She continued thinking. What was on everyone’s mind?

The war.

That was a depressing thought. But wait, why not turn it around? A patriotic ball. Decorate the drawing room with the colors of various regiments. Celebrate some of the Peninsular victories. Invite the Horse Guards and whichever other officers were on leave.

It would certainly draw everyone. A sort of morale boost.

And with so many military figures in her ballroom, who was to say what bits of information she might glean?

She smiled at Kimberley. “I have an idea for the theme . . .”

The next afternoon, Céline had a hard time sitting for her portrait. Her mind flitted from one thing to another—from details for the upcoming dinner party to the many tasks to be done for Kimberley’s ball.

She half-regretted her impulsive gesture to host the ball. But she quickly shook away any qualms, reminding herself sternly of the reasons. She would not have the poor girl subjected to the same fate she had been forced to endure.

“My lady, if you could erase the scowl from your pretty features and look this way, please.”

She smiled at the artist, one of the most renowned in the country. “Forgive me, Mr. Lawrence.”

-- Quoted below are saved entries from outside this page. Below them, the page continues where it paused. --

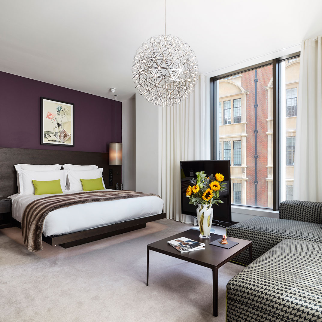 It’s a very short walk to the Barbican, but guests need not travel even that far to check out a bold collection of contemporary art. Custom works by young London artists hang above every bed, the hotel commissions installation pieces for its public spaces, and an annual art prize for works by London art school graduates ensures that the collection will stay fresh.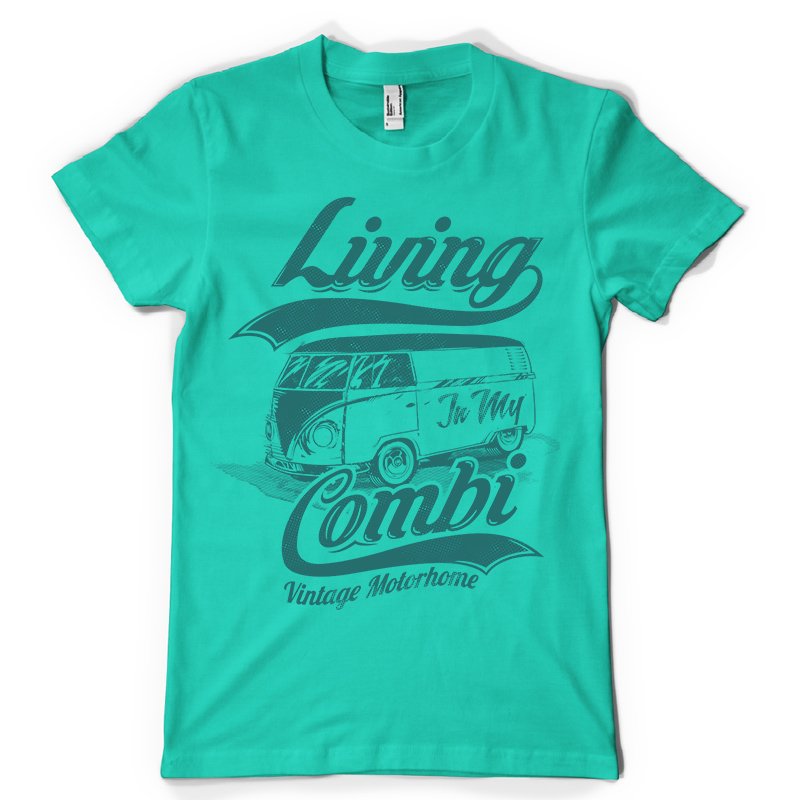 Motorhome design features a vintage combi detailed screen print now available for Adobe Illustrator, Adobe Photoshop and Corel Draw and can be used for digital printing and screenprinting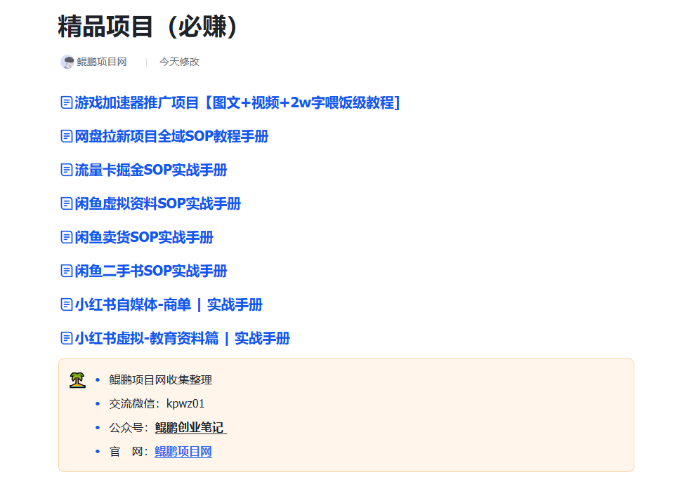此页会定期更新,项目由站长亲自挑选,经过网站会员以及社群用户验证过的,只要做就能见钱,此页任何一个项目都能直接值回数倍票价。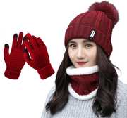 3-in-1 Women beanie caps scarf and touchscreen gloves are made of soft-spun Fur wool and fleece. Beanie: the slouchy beanie completely covers your ears without having to yank it down. all of the time, warm enough for outside and comfortable enough to leave it on inside. GLOVES: this gloves with touch screen fingers on the Thumb and Index Finger. Gloves make your hands warm while you're enjoying your time with your favorite touch screen device in cold weather. GLOVES: antiskid function could keep your phone not slide out of hands, also could be used for drive cars in the cold weather days. 3-in-1 set winter beanie cap scarf and gloves set, stay warm all the time, great for outdoor activities and daily warmer. Best gift for your parents, friends, and yourself when the cold weather coming.

“You are too beautiful a lady to appear to all posterity as if you were forever having the blue devils.”

“Indeed not.” She straightened her shoulders, attempted to lighten
her features, and glanced in the direction the portraitist indicated, wondering why she had agreed to this portrait. Perhaps because in a couple of years she would be thirty.

A soft knock interrupted the depressing thought.

Trying not to move from her pose, she called, “Enter.”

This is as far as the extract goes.